É uma pena, pois caiu um mito dos mais arraigados da MPB. Até o Tom se surpreendeu com a notícia de que o cu era uma boca, no frigir dos ovos. Já o Décio já está cansado de tanto falar nesse bendito butico, que no fim das contas, nem furico era.

A Tonga da Milonga do Kabuletê
Entre as inúmeras parcerias que o poeta e compositor Vinícius de Moraes, a com Toquinho rendeu músicas que se tornaram clássicas da Música popular. Mesmo evitando temas mais espinhosos, vez por outra o poetinha tinha alguma rusga com a censura. Um belo dia a dupla resolveu sacanear com a censura ao inserir um palavrão cabeludo no meio de uma letra bem humorada, porém escrito em dialeto nagô. A sugestão teria vindo da então esposa de Vinícius, Gesse Gessy, que tascou a expressão “a tonga da milonga do kabuletê”, que em bom português significa “os pêlos do cu da mãe”, segundo explicara a esposa baiana do poeta. Como Vinícius tinha certeza que não se ensinava nagô na Academia das Agulhas Negras, mandou ver, e se divertiu ao xingar os milicos sem ser incomodado.

“Eu Quero Mocotó!!”
Mas censor nem sempre era a figura do cão. Como todo bom burocrata e funcionário público, ele estava ali fazendo o seu trabalho. E em muitos casos acabava surgindo alguma amizade entre censores e artistas, e a tesoura acabava pegando leve. A turma do Pasquim se tornou famosa por ludibriar e levar na conversa muitos dos censores que ficavam em sua redação, por vezes à custa de muito uísque Buchanan’s, que acabava “lubrificando” a relação entre censura e um dos semanários mais críticos ao regime. Numa dessas, a censora de plantão, D.Marina, liberou uma reprodução do quadro “O Grito do Ipiranga”, de José Américo, com a frase “Eu Quero Mocotó!” saindo de D.Pedro I. Os militares não gostaram nem um pouco e mandaram a redação inteira para o xilindró durante dois meses. Mas o jornal não deixou de ser editado, pois os colegas da patota do Pasquim se reuniram e tocaram a publicação durante a ausência de seus titulares, e a versão publicada é que todos estavam “acometidos de gripe”. Depois dessa presepada, os editores tinham que ir diretamente a Brasília negociar a liberação das edições seguintes.
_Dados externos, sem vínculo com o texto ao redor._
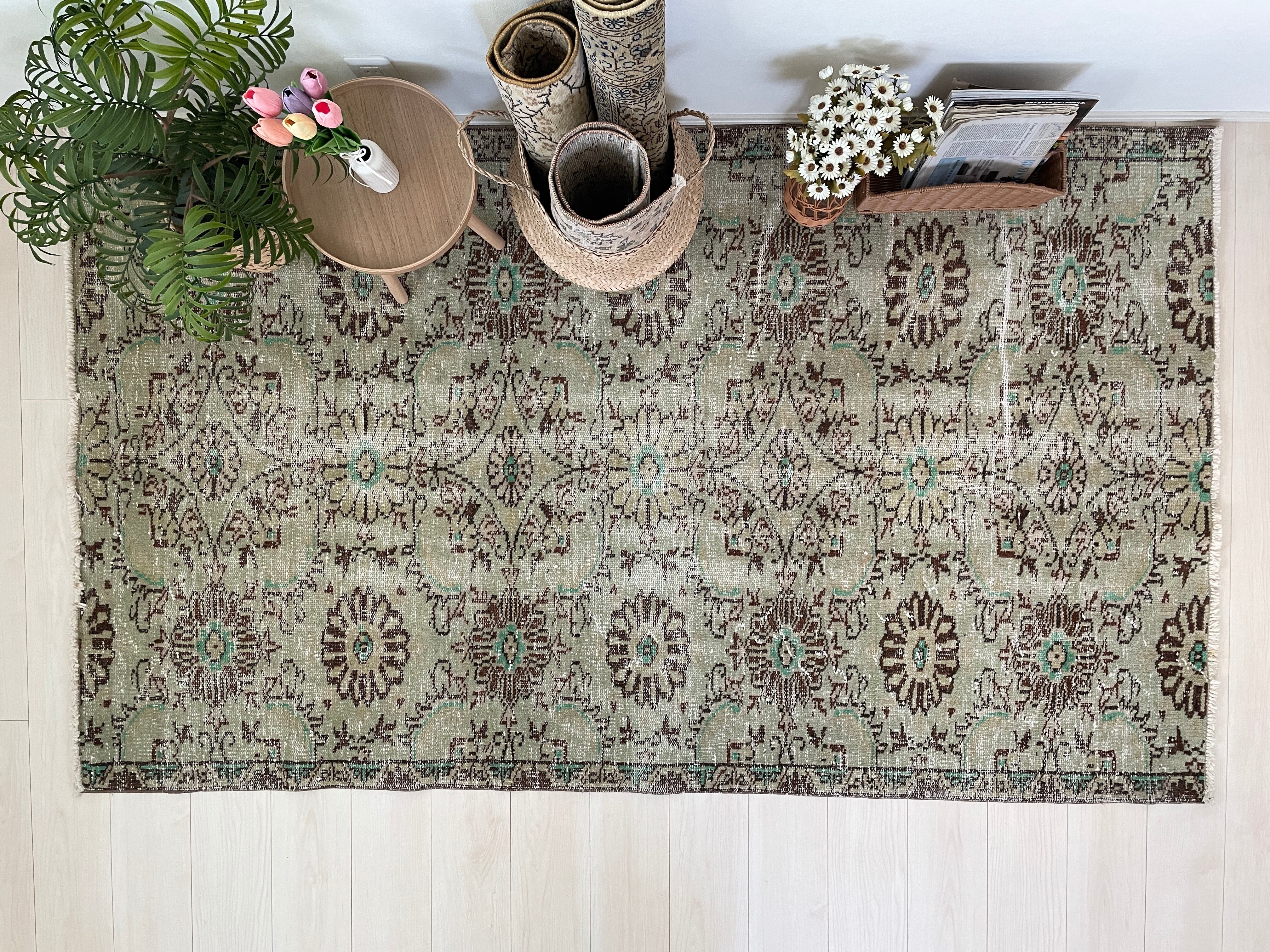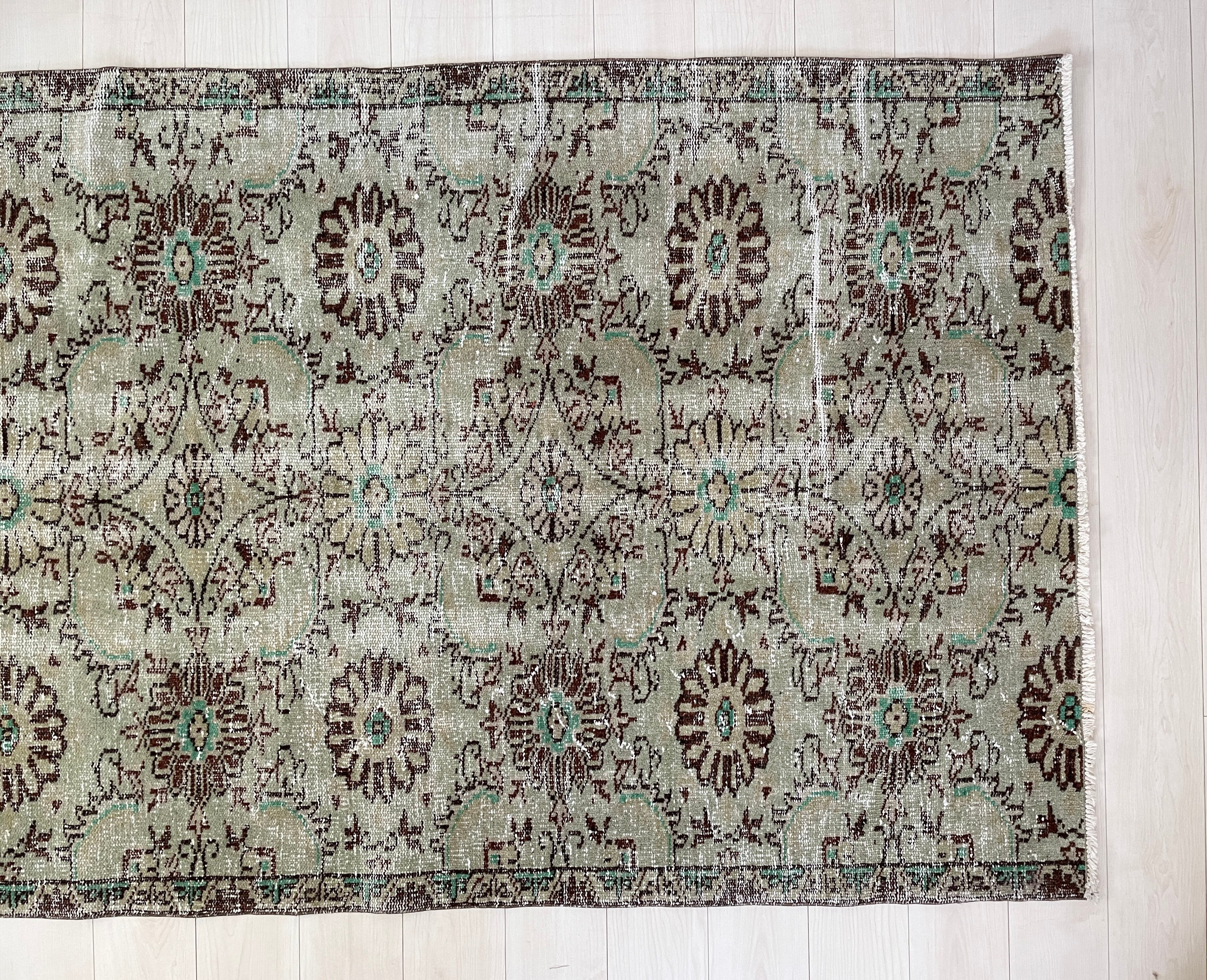 優しいグリーンとブラウンの組み合わせに癒されるヴィンテージラグ。
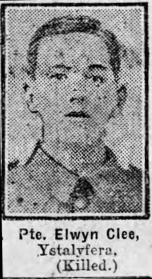 Ystalyfera FallenWar Graves & Remembrance GravesWilliam CleeThis is the memorial page for William Clee, native of Ystalyfera, killed during the First World War. He would appear to have been generally known by his middle name, Elwyn, as evidence by newspaper reports about him. The information on William Clee comes principally from the Commonwealth War Graves Commission, from the Labour Voice newspaper, and the Parish Burial Register (courtesy of the Swansea Archives).
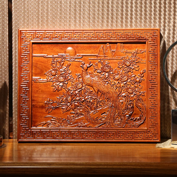 5Cgo 543779585221 實木香樟木雕花電表箱裝飾畫電源遮擋箱配電盒可推拉開關中式壁畫客廳會所臥室書房背景牆櫥窗花店咖啡廳畫廊50*40cm CHX00_富貴滿堂,左推
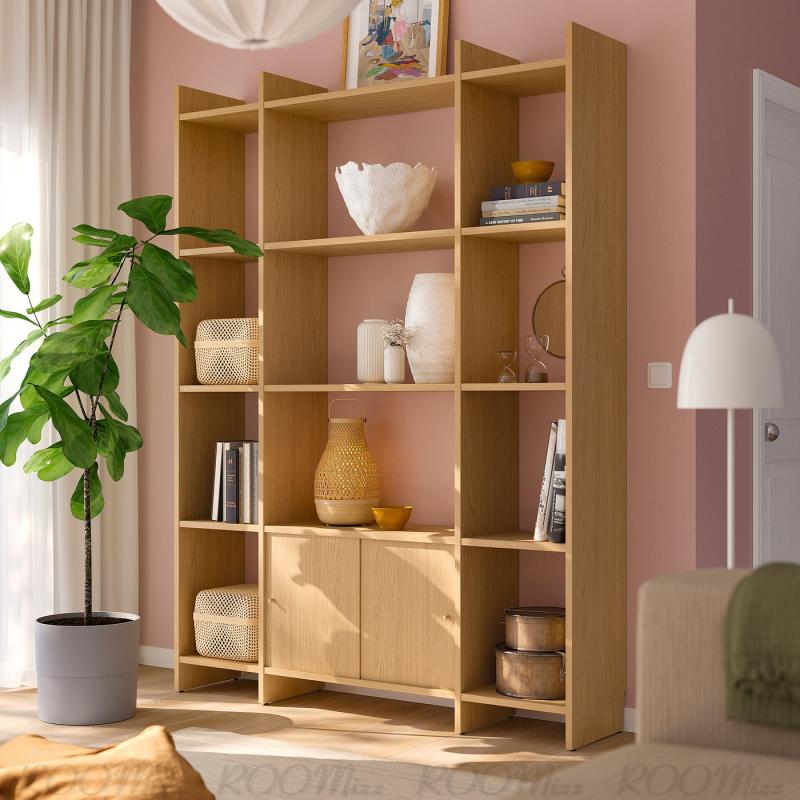 LÅDMAKARE ロードマカレ 収納コンビネーション 引き戸付 - 棚付き/オーク調 158x35x212 cm
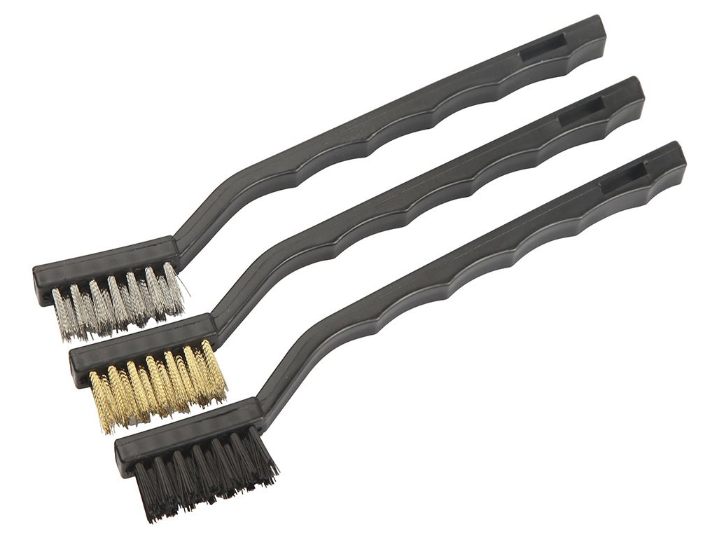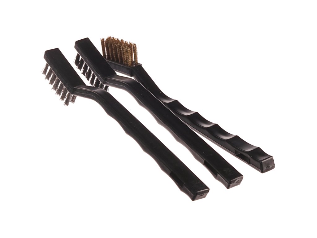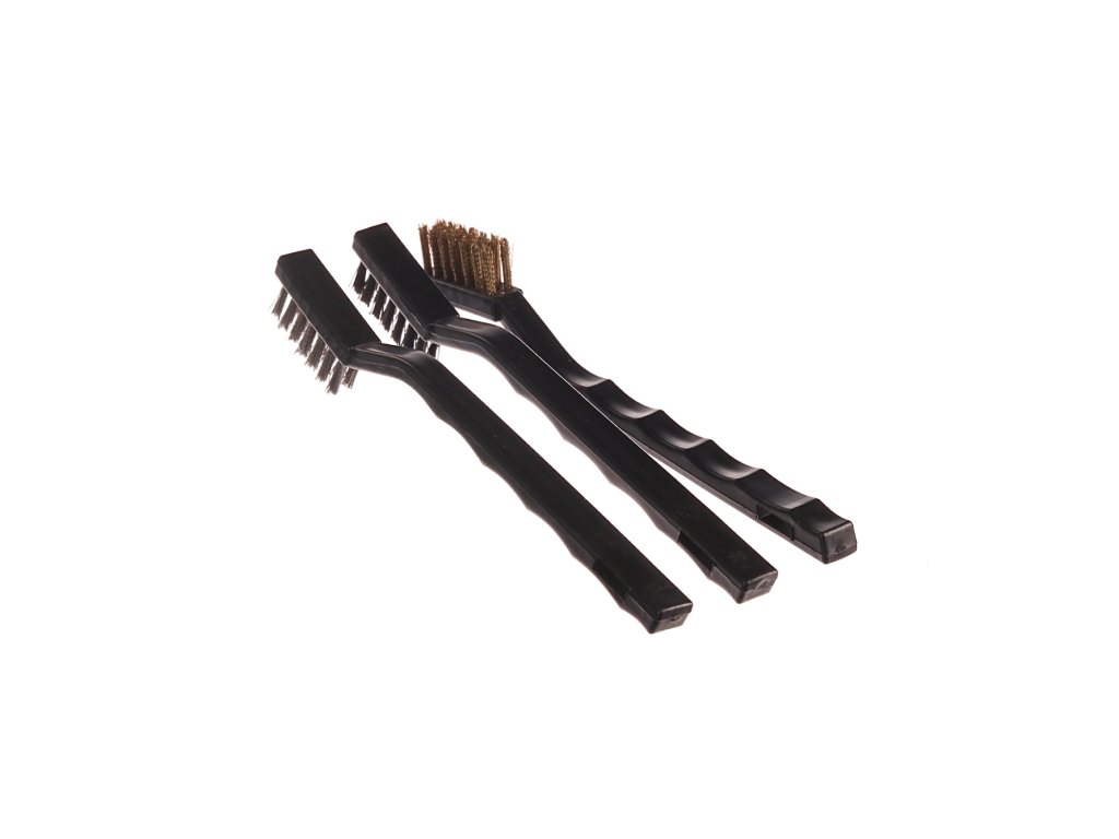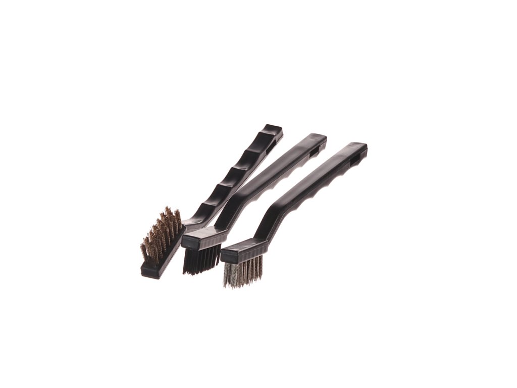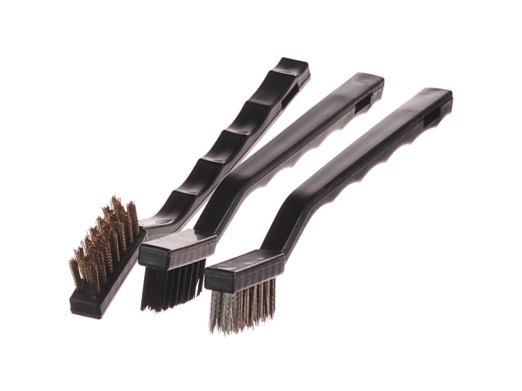 Zum Entfernen von Rost und alter Farben geeignet. Im Set enthalten: 1 St. 180 mm Nylonbürste; 1 St. 180 mm Stahlbürste und 1 St. 180 mm Edelstahlbürste. Arbeitsbereich der Bürsten 8x32x14 mm. Im Blister verpackt.

Para servir de saideira, uma ótima para ilustrar o nível intelectual daqueles que comandavam a repressão, e mesmo não sendo a intenção dos artistas, expôs ao ridículo as autoridades, que não eram exatamente famosas por sua cultura e inteligência. Em 1965 a peça “Electra” foi encenada no teatro municipal, e a trama chocou os mais conservadores, que chamaram o elenco “aos costumes”, e a polícia ficou doida para prender quem escrevera aquela pouca-vergonha a pedido do DOPS. Claro que ninguém ali percebeu o pequeno detalhe que o texto era uma tragédia grega escrita uns 400 anos antes de Cristo por um tal de Sófocles, coincidentemente o pai da tragédia grega. E claro que não se poderia perder este mote para se tirar sarro do regime, e a tragédia virou comédia nas mãos de Sérgio Porto e seu FEBEAPÁ – Festival de Besteiras que Assola o País.